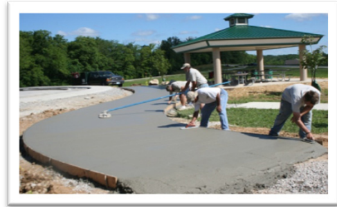
Park Construction Crew at Smiley Lane Park

Estimated costs as shown below represent contracted work, unless otherwise indicated as force account labor (FAL). Where (FAL) is shown, costs are for materials only.
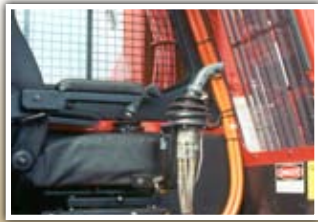
OPERATOR'S CAB All weather cab provides optimal comfort during operation.
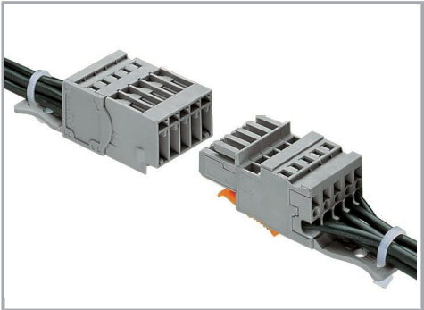
Strain relief plates can be snapped into both male connector and female plug.

Subject to changes. Please also observe the further product documentation!
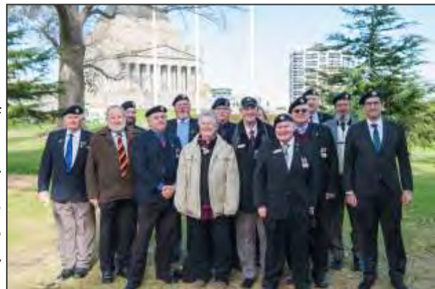
Sappers on Parade—Reserve Forces Day 2017
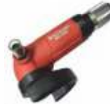
Pneumatic Angle Grinder
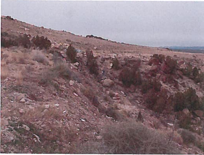
Figure 1: Looking north toward portal area.
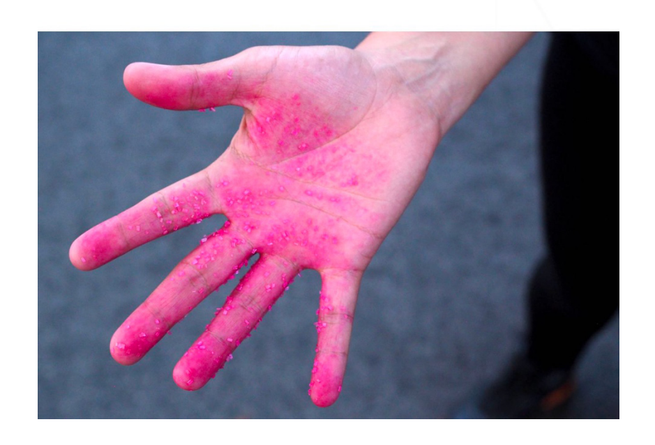
Studies in Social Justice, Volume 17, Issue 2, 259-268, 2023
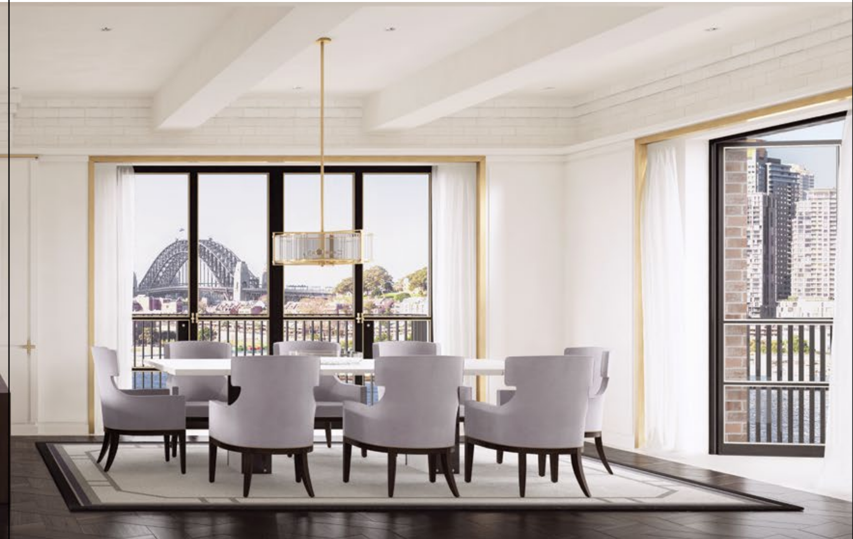
As with every apartment, the penthouse spans the building's full width, its north-facing windows granting sunshine throughout the day.
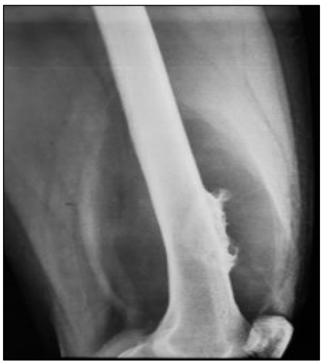
Figure 2: Lateral view X-ray showed a radiolucent soft-tissue mass contiguous to the left distal femur and irregular protrusions of subjacent bone

Radiography of the left leg revealed a juxtacortical radiolucent mass of mid to distal femoral diaphysis, with bony protrusion and adjacent cortical thickening (Figure 2).
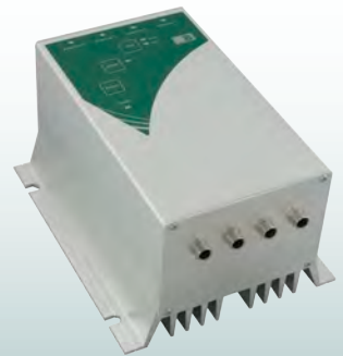
RFID Products UHF
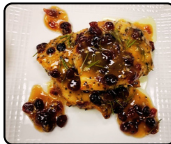
Cranberry Rosemary Chicken
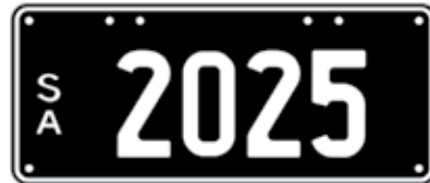
Lot 34 - SA Numeric Number Plate 2025 Plate Size: 315 x 134mm Price sold $ _____
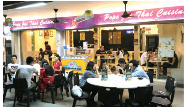
2013-2016: Pope Jai Thai Cuisine at Serangoon Ave 3
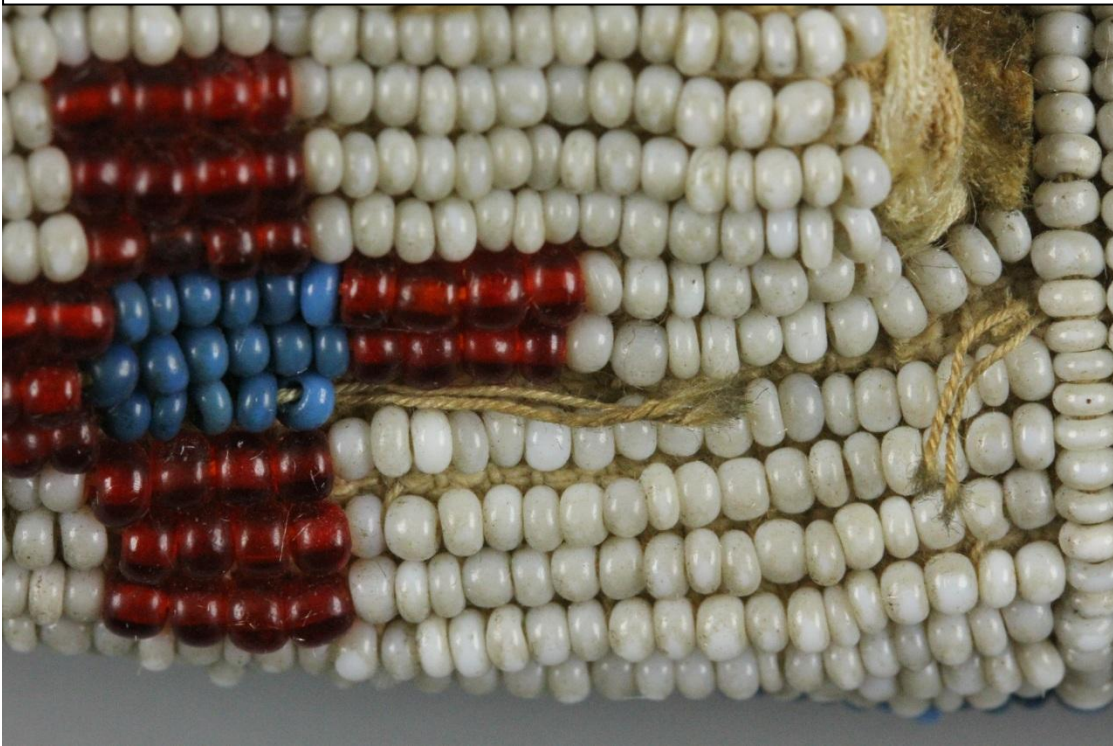
Fig. 2 – Missing Beads – Lower right side center
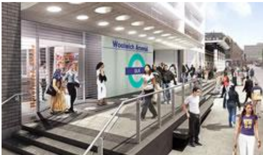
Woolwich Arsenal Station
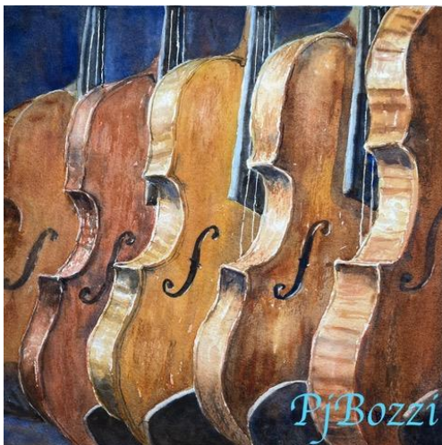
Fiddles on Display
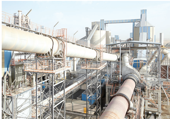
Cement making kiln

A further stage of flue gas polishing is conducted using activated carbon. VOCs and mercury are removed.
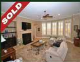
5002 Lodenberry 2,609 sq. ft. on Corner Lot in Cinco Ranch
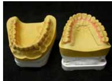
Fig. 4) Models with blocked-out undercuts prepared for duplication.
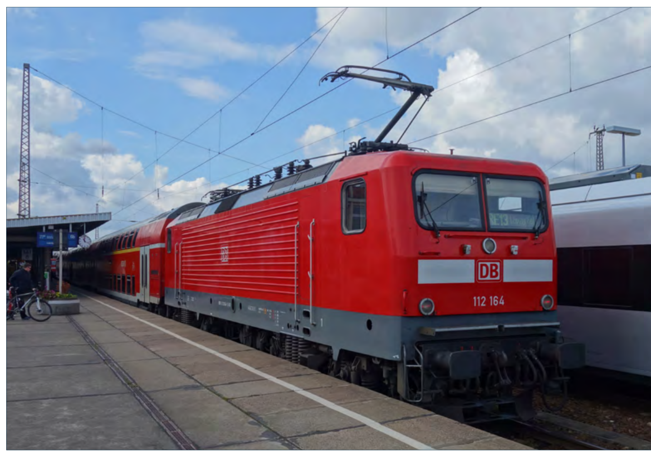
▶ DB Class 112.164 stands at Magdeburg Hbf with an RE13 service to Leipzig Hbf. Stearnsounds
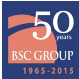
Thank You to BSC Group for Sponsoring the June Annual Conference
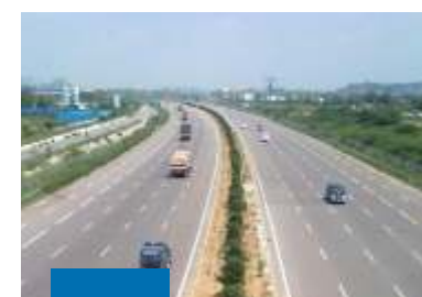
3 Min OUTER RING ROAD
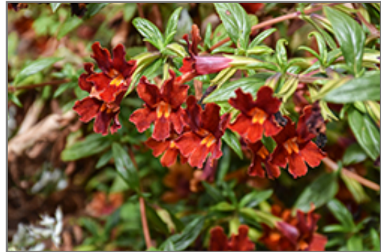
Jelly Bean Red Monkeyflower flowers

Jelly Bean Red Monkeyflower is recommended for the following landscape applications;
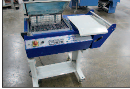
Italdiback Dibipack 1217ST Packaging Machine

Harland Portable Labeling Machine Model Comet-Servo, S/N J55793-01 (New 2005) Label-Aire Portable Labeling System Model 2111CD, S/N 0143679711

▶ [Work item]:
Please tally the lines of the listing that include the string "Jelly". Give the total alone.

▶ [The answer]:
2